Galanthus alpinus var. alpinus, also known as the Caucasian snowdrop, is a variety of flowering plant within the subfamily Amaryllidoideae.

== Description ==
Galanthus alpinus var. alpinus is a perennial, bulb plant. Bulbs range from 2.5 – 4 cm long and 1.5 – 2 cm in diameter. The plants leaves are linear and green. Leaf length ranges from 4 – 8 cm before flowering and increase to 10 – 18 cm long after flowering. Flowers are 1.7 - 2.5 cm long and 0.8 - 1.5 cm wide.

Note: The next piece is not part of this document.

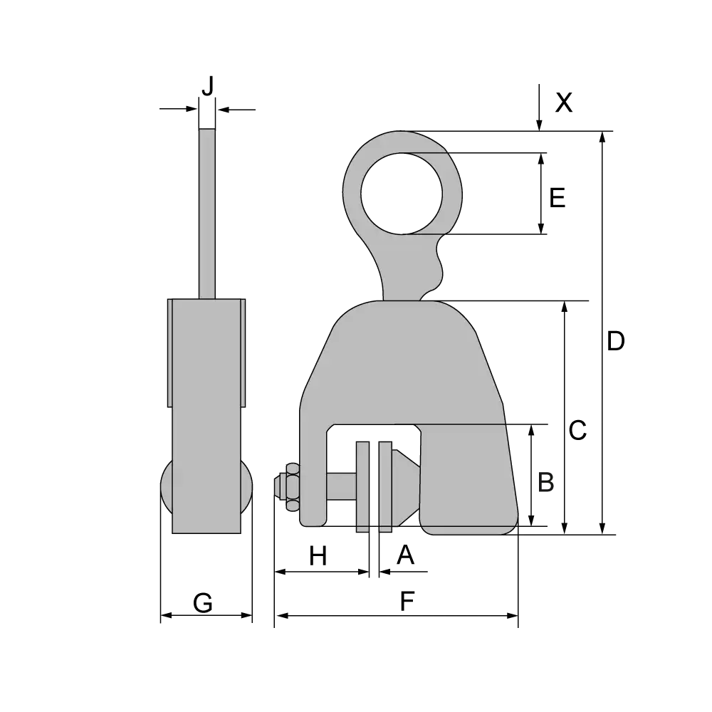 Artikel | Tragfähigkeit kg | Greifweite (A) | B | C | D | E | F | G | H | J | X | Gewicht kg |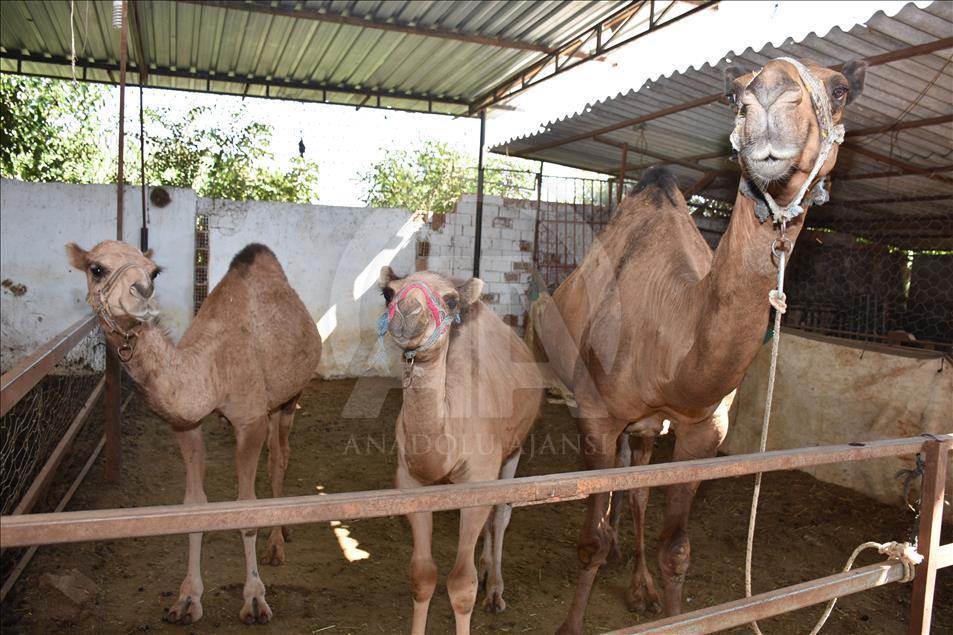 Kurban Bayramı'nda deve kesmek isteyen vatandaşlar, Aydın'ın İncirliova ilçesindeki yetiştirme çiftliğinde satışa sunulan sınırlı sayıdaki deveye ilgi gösteriyor. ( Necip Uyanık - Anadolu Ajansı )Necip Uyanık

Outer petals are white however the plant possess a green spot on the inner petal segments.

== Distribution ==

=== Natural range ===
Galanthus alpinus var. alpinus is native to much of Europe, where it can be found in the following locations: Albania, Austria, Belarus, Bosnia and Herzegovina, Bulgaria, Crimea, Czech Republic, East Aegean Islands, France, Germany, Greece, Hungary, Italy, North Caucasus, Poland, Romania, Sicily, Slovakia, Spain, Switzerland, South Caucasus, European Turkey, Ukraine, Kosovo, Macedonia, Montenegro, Serbia and Slovenia. It is also native to parts of Asia such as: Iran, Lebanon, Syria, Palestine and Turkey.

=== Introduced range ===
Galanthus alpinus var. alpinus has also been introduced to many parts of the world outside of its native range.

It has spread further into Europe through introductions into Belgium, the Netherlands, Norway, Sweden and the United Kingdom.

It has also been introduced to the continent of North America where it can be found in the states of: Maryland, Massachusetts, Michigan, New Jersey, New York, North Carolina, Ohio, Pennsylvania, Utah, Virginia and Washington.

Galanthus alpinus var. alpinus has also been introduced into the Canadian provinces of New Brunswick, Newfoundland and Ontario.

== Habitat ==
Galanthus alpinus var. alpinus is known to inhabit woodland, grassland and mountainous habitats.

It can also be found in manmade habitats such as churchyards, gardens and roadsides.

== Uses ==
Galanthus alpinus var. alpinus can be used as an unusual ornamental plant in garden borders and lawns.

This variety contains the alkaloid galantamine. When isolated the alkaloid can be used to successfully treat mild or moderate Alzheimer's disease. Galantamine has also been used to treat injuries to the nervous system and to induce abortion in the early stages of pregnancy.